Need Help Resolving IndexError in Neural Network Backpropagation Code

Week #4 deep-learning-specialization:dls-course-1

Hello everyone,

I’m currently working on a deep learning assignment and have hit a roadblock that I’m struggling to overcome. I’m trying to implement the backpropagation algorithm for a deep neural network, but I keep encountering an IndexError when running my code.

The error message states: IndexError: boolean index did not match indexed array along dimension 0; dimension is 3 but corresponding boolean dimension is 1

I’ve attached screenshots of my Jupyter notebook where the error occurs. The issue arises when I attempt to run the L_model_backward function, which is supposed to compute the gradients for backpropagation.

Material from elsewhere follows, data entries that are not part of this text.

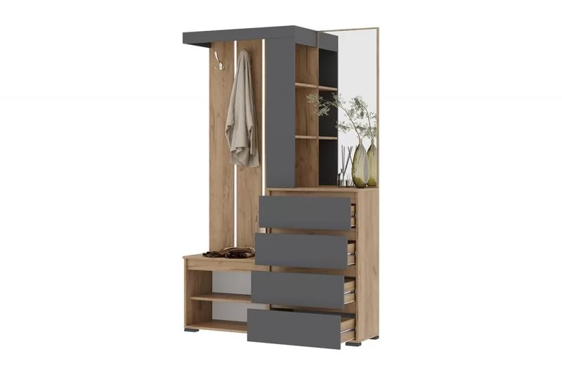 ХЕЛЕН ПР-01 Прихожая (ш1260*г353*в1980мм), Дуб Крафт Золотой/Серый Графит в Тюмени
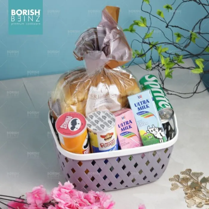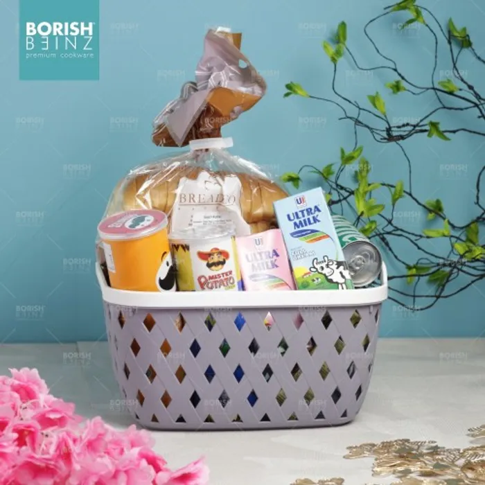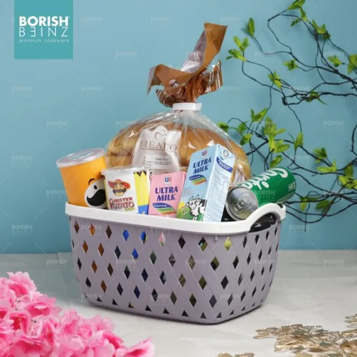Keranjang serbaguna berbahan plastik tebal. Cocok untuk menyimpan aksesoris, kosmetik, snack, tempat souvenir.
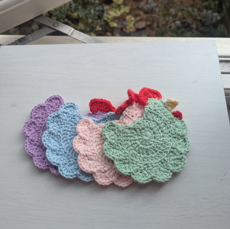 These cotton crotchet coasters are the perfect addition to you afternoon tea or coffee! The Perfect Pastels set includes green, blue, pink and purple, all perfectly complimentary of each other! Chicken coasters are the perfect country feel or a quirky conversation starter for you and your guests!
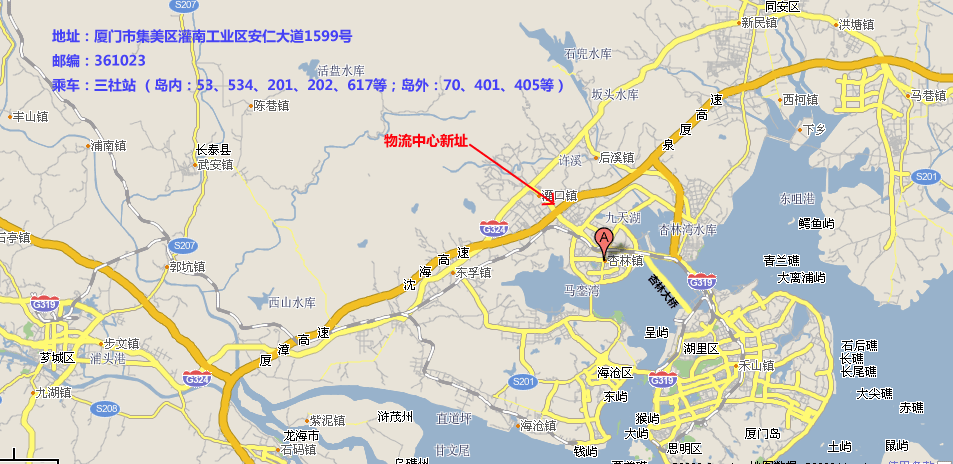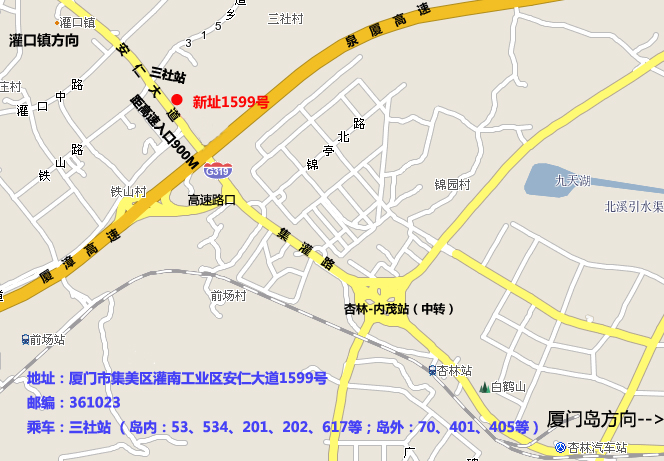 新址乘车:安仁大道—三社站(工业区路口)下车即可(岛内:可乘坐53、534、201、202、617公交车;岛外可乘坐70、401、405公交车),位置示意图如下:
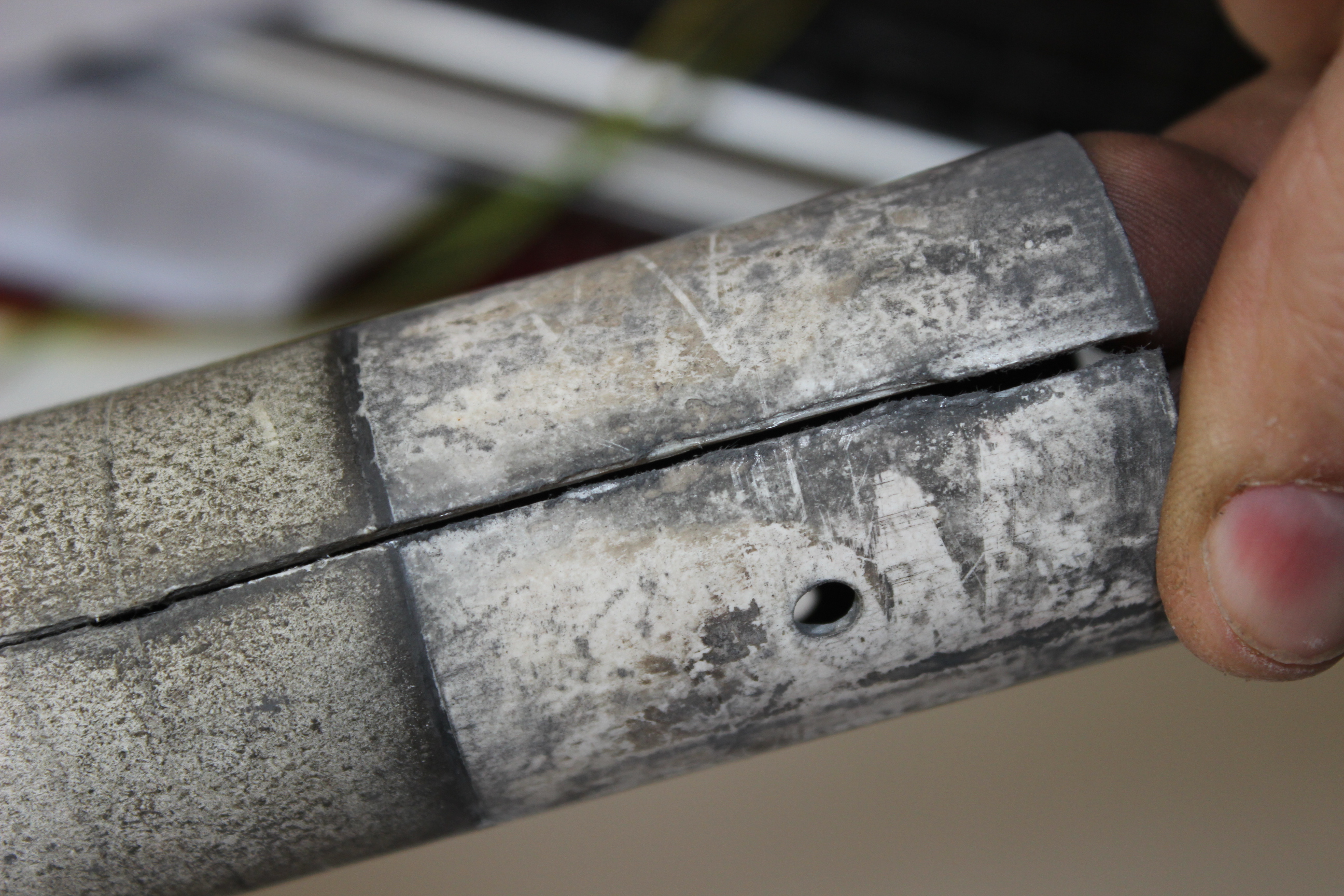 Толщина стенки этой трубки была всего 1,5 мм. Видимо в одну из зим в изолятор попала вода и замерзнув разорвала его вдоль, да еще и в нескольких местах.
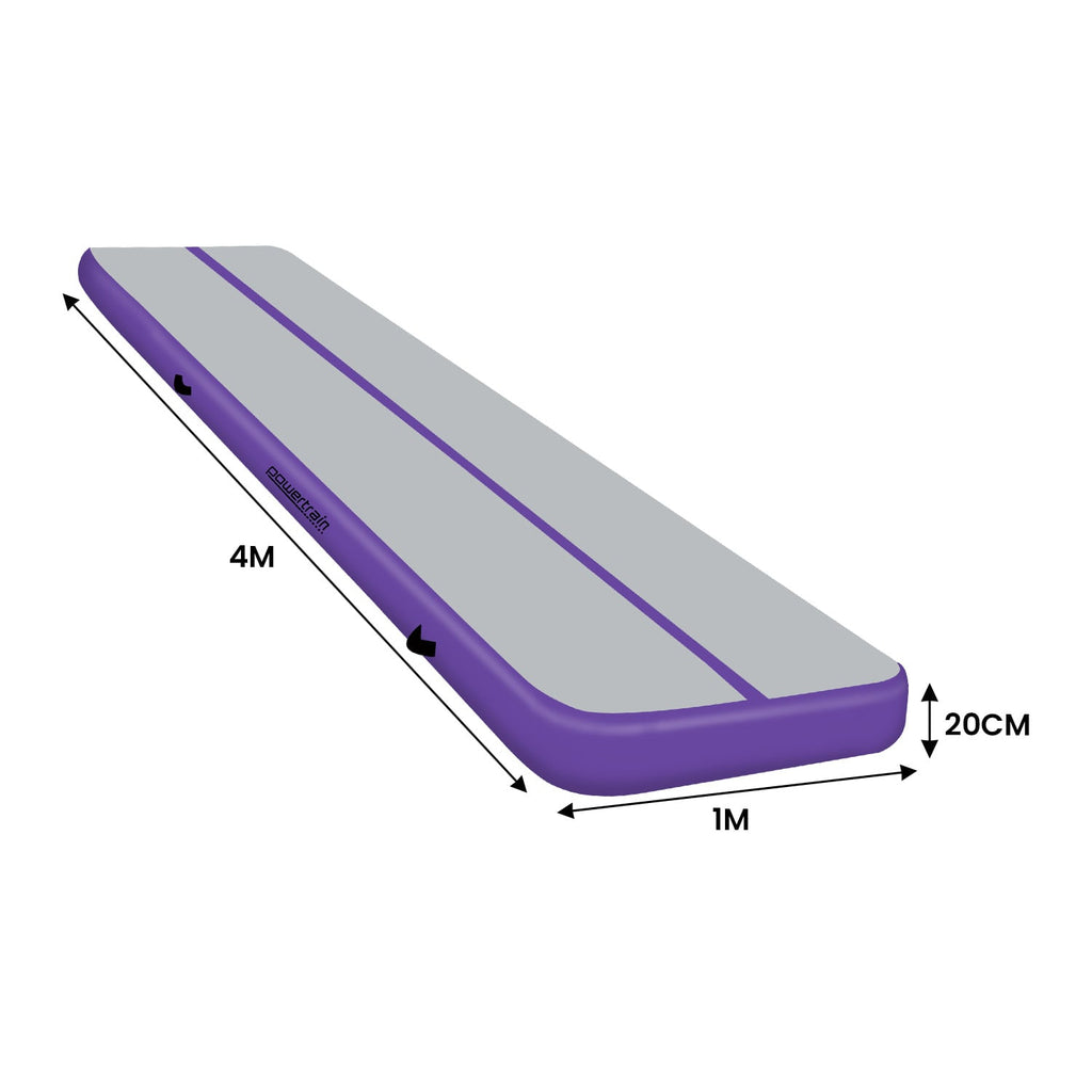 Powertrain Airtrack 20cm Thick 4m x 1m Inflatable Gymnastics Tumbling Mat Air Track - Purple
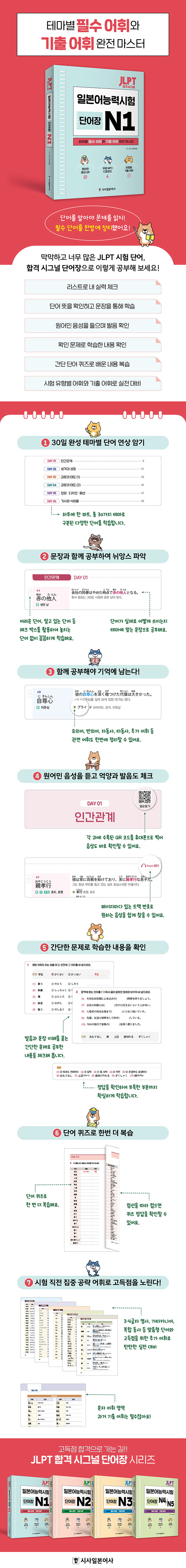 ÀϺ»¾î´É·Â½ÃÇè N1¿¡ ²À ÇÊ¿äÇÑ Çʼö ´Ü¾î¸¦ Å׸¶º°·Î ±¸ºÐÇÏ¿© ¹®Àå°ú ÇÔ²² ¾Ë±â ½±°Ô ¼ö·ÏÇϰí ÀÖ½À´Ï´Ù. º»¹®ÀÇ ¸ðµç ´Ü¾î´Â ¿ø¾î¹Î À½¼ºÀ» µéÀ¸¸ç ÇнÀ °¡´ÉÇϵµ·Ï QRÄÚµå ½ºÄµ ¹× ¹«·á ´Ù¿î·Îµå·Î À½¼ºÀ» Á¦°øÇÕ´Ï´Ù.
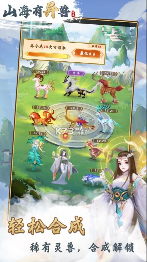 山海有异兽是一款轻松简单的休闲合成小游戏,这里拥有诸多精美的灵兽供您养育,两个低级灵兽可合成高级灵兽,通过自己的努力可以合成更加厉害漂亮的灵兽哦,幸运爆棚的玩家还有机会额外获得神兽哦,期待您的试玩!
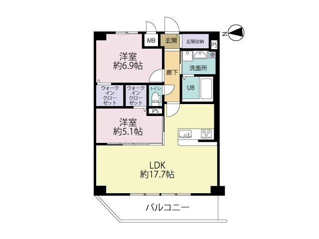 2LDK(67.63m²)└ 洋室6.9帖 洋室5.1帖 LDK17.7帖
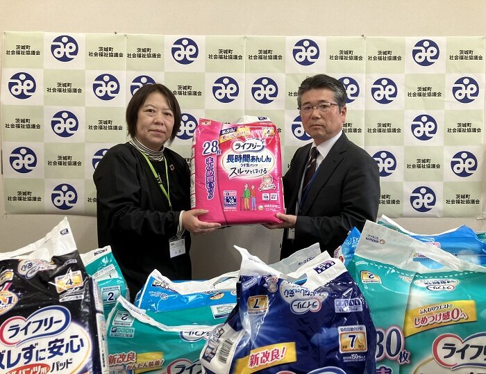 12月2日(火)、社会福祉法人 茨城町社会福祉協議会へ大人用紙おむつ126パックと尿取りパッド222パックを寄贈しました。いばらきコープでは注文間違いなどの理由で組合員さんがキャンセルされた商品を福祉施設やフードバンクへ寄贈する取り組みをすすめています。寄贈品は、茨城町社会福祉協議会にて、小島 正代組合員理事から茨城町社会福祉協議会 常務理事の小沼 芳久様へお渡ししました。お渡しした大人用紙おむつ等は支援を必要とされている方や、そのご家族など希望者に配布される予定です。
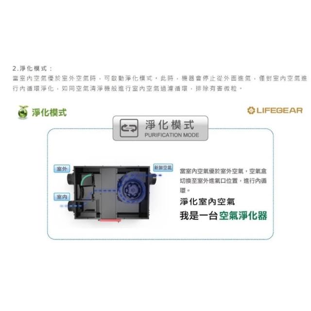 Lifegear 樂奇樂奇 隱藏式 新風機 空氣淨化 清淨 搖控 三道濾網 新風機 HEPA HVO-350G2 HVO-350C2
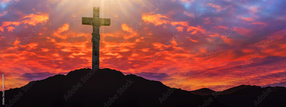 Easter background banner panorama religious greeting card Crucifixion and Resurrection. Cross crucifix with jesus of Golgotha by sunset.
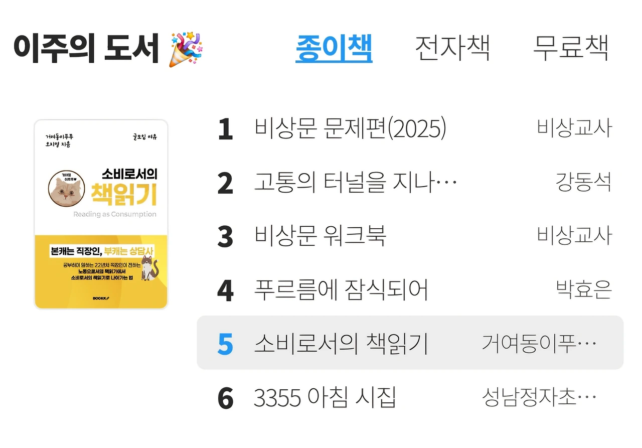 지금은 POD와 이북이 교보, 알라딘, 영풍 등에 등록되기를 기다리며, 12/19일 출간기념회도 준비 중입니다. 현재는 지인분들이 구매해 주시는 게 대부분이지만 부크크에서는 이주의 책 5위까지 오르기도 했네요. 감격스럽고 행복한 요즘입니다.
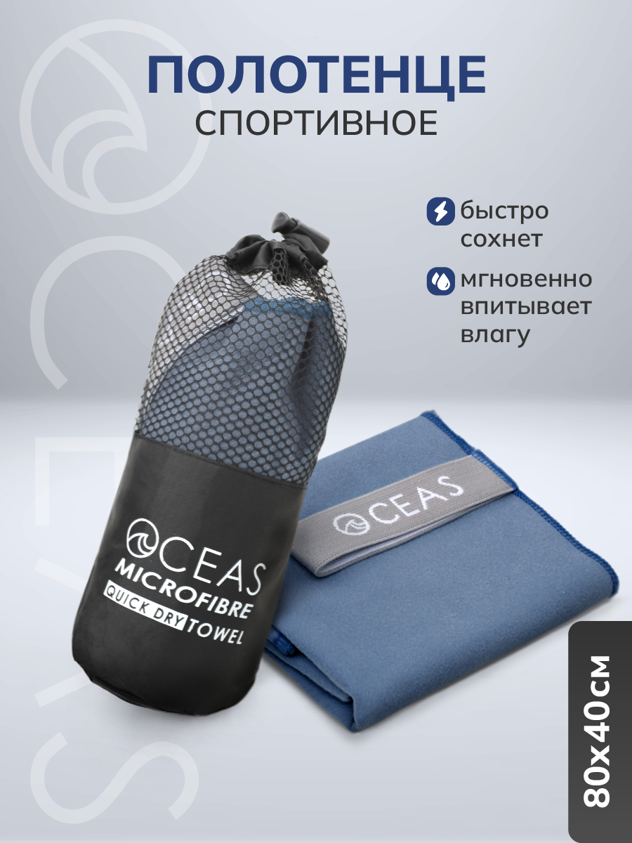 10 цен на Полотенце спортивное OCEAS из микрофибры ,быстросохнущее для фитнеса и йоги, 80х40 см, темно-синий

I’ve reviewed the dimensions of the arrays and the indexing, but the error persists, and I’m not sure how to proceed. I would be very grateful for any guidance on how to debug this issue. I suspect the problem might be with how I’m indexing into the arrays or maybe a misunderstanding of how the backpropagation should be implemented.

If anyone has experienced a similar issue or has insights into how I might resolve this, your input would be highly appreciated!

Thank you in advance for your assistance!

Best,
Kim

{moderator edit - solution code removed}

Hi @Watcharakorn_Osathan ,

The backward propagation start from the last layer, and the activation function for that is sigmoid. It looks like you are calling Relu instead. Please check.

1 Like

In addition to the important point that @kic made, also notice how each layer of back propagation works: at each layer l, you get as input the value dA^{[l]} and your outputs are dW^{[l]} and db^{[l]} and dA^{[l-1]}. That is not what your code does in the case of the hidden layers. That is probably what is causing your issues with wrong shapes.

The reason it works that way is that it’s the mirror image of forward propagation. In forward propagation at layer l, you take A^{[l-1]}, W^{[l]} and b^{[l]} as the inputs and then you produce A^{[l]} as the output.